10-09-2012 11:55 PM - edited 03-10-2019 07:39 PM
Hi,
does anybody know if Radius device administration authentication and authorization is possible with the actual ISE release? I know that TACACS will be available in future release.
Regards
Joerg
Solved! Go to Solution.
10-11-2012 12:12 AM
Yes it's possible according to "Ask the experts" forum :
--------------------------
https://supportforums.cisco.com/thread/2172532
"If you use RADIUS for device administration, ISE can be utilized using authorization policy elements that return Cisco av-pairs. But personally, I think ACS is currently superior to ISE for this task."
--------------------------
Anyway, I'm about to test "device admin" and "network access" simultaneously in the same switch with Radius and ISE.
Please rate if it helps
10-12-2012 08:49 AM
Yes you can use radius even in the ACS days for device administration, however command authorization is not a feature that works efficiently with radius.
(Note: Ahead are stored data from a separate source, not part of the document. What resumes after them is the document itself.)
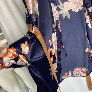 Boho Blue Floral Robe with Pleather Belt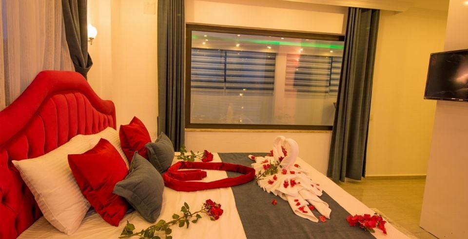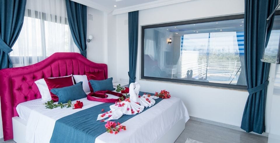 1. Yatak Odası : Çift kişilik yatak, klima, komodin, elbise dolabı, makyaj masası, banyo ve lavabo, jakuzi bulunmaktadır.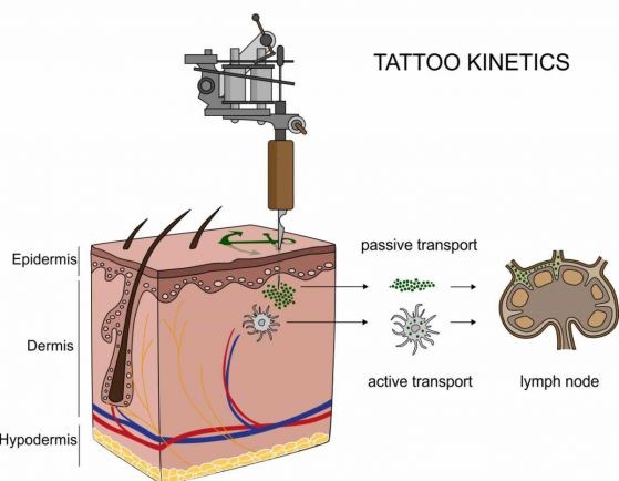 Пигментите, които съдържат мастилата и тушовете за татуиране, остават за дълго в лимфните възли, а понякога и за цял живот.
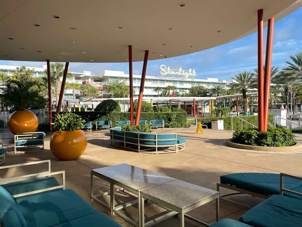 O hotel fica tão perto do parque Volcano Bay que a “montanha” que enfeita o parque aquático pode ser vista do Cabana Bay ou mesmo dos quartos. Além disso, dá para ir a pé para o parque – coisa rara em Orlando.

If you are using IOS devices your authorization policy should send back the "cisco-av-pair=priv-lvl=15". Please consult the product documentaiton for a radius authentication and the radius av pair should be present in most guides. I know you can do this with IOS, NX_OS, WLC devce to name a few.
Thanks,
Tarik Admani
*Please rate helpful posts*
10-11-2012 12:12 AM
Yes it's possible according to "Ask the experts" forum :
--------------------------
https://supportforums.cisco.com/thread/2172532
"If you use RADIUS for device administration, ISE can be utilized using authorization policy elements that return Cisco av-pairs. But personally, I think ACS is currently superior to ISE for this task."
--------------------------
Anyway, I'm about to test "device admin" and "network access" simultaneously in the same switch with Radius and ISE.
Please rate if it helps
10-12-2012 01:01 AM
Hi,
thanks for your feedback.
Please post the results of your tests when have done them.
Regards
Joerg
10-12-2012 08:49 AM
Yes you can use radius even in the ACS days for device administration, however command authorization is not a feature that works efficiently with radius.
If you are using IOS devices your authorization policy should send back the "cisco-av-pair=priv-lvl=15". Please consult the product documentaiton for a radius authentication and the radius av pair should be present in most guides. I know you can do this with IOS, NX_OS, WLC devce to name a few.
Thanks,
Tarik Admani
*Please rate helpful posts*
Discover and save your favorite ideas. Come back to expert answers, step-by-step guides, recent topics, and more.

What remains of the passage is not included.